For the records below, output word for word the lines from the one with "Fächerschrank, doppelstöckig, Sockel, 3x2" up to and including the one with "Amigurumis d'axolotls réalisés". No pictures.
-- INFORMATION SUPPLIED follows --
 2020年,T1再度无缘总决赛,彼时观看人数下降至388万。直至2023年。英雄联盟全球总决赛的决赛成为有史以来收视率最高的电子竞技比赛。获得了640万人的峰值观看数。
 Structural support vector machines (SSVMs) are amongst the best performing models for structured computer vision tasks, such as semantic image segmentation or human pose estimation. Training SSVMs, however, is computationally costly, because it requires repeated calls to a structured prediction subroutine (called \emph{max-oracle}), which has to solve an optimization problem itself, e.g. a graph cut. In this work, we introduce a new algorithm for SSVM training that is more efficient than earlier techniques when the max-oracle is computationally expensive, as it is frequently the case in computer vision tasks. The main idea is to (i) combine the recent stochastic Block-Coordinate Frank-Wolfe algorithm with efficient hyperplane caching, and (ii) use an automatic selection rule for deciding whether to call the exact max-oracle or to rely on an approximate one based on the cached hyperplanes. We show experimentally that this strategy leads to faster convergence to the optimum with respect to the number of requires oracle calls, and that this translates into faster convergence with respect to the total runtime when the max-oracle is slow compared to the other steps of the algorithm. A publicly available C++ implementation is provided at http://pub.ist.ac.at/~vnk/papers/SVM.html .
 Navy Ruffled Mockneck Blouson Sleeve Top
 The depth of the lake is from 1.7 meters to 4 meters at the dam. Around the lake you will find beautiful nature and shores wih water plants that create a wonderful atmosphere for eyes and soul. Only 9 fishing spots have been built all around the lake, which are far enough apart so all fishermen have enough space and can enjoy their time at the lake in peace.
-- INFORMATION SUPPLIED concluded --
-- INFORMATION SUPPLIED follows --
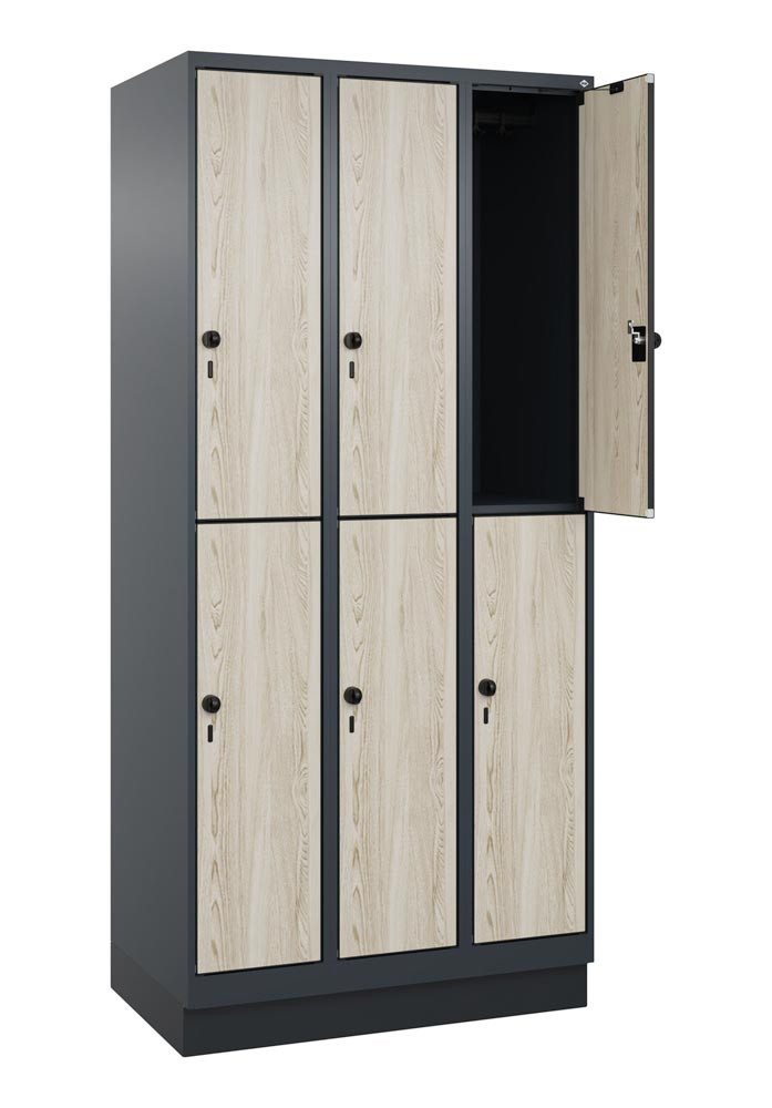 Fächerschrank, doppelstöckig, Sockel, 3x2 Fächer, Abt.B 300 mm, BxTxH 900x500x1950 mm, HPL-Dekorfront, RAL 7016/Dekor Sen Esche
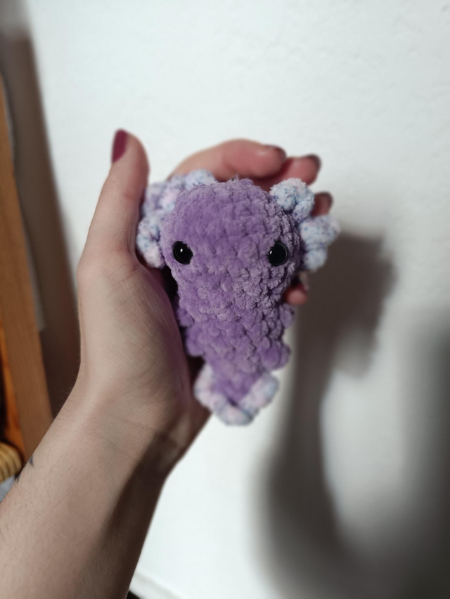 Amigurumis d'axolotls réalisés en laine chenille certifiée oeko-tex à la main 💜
-- INFORMATION SUPPLIED concluded --
* WRITTEN RESPONSE
 Fächerschrank, doppelstöckig, Sockel, 3x2 Fächer, Abt.B 300 mm, BxTxH 900x500x1950 mm, HPL-Dekorfront, RAL 7016/Dekor Sen Esche
 Amigurumis d'axolotls réalisés en laine chenille certifiée oeko-tex à la main 💜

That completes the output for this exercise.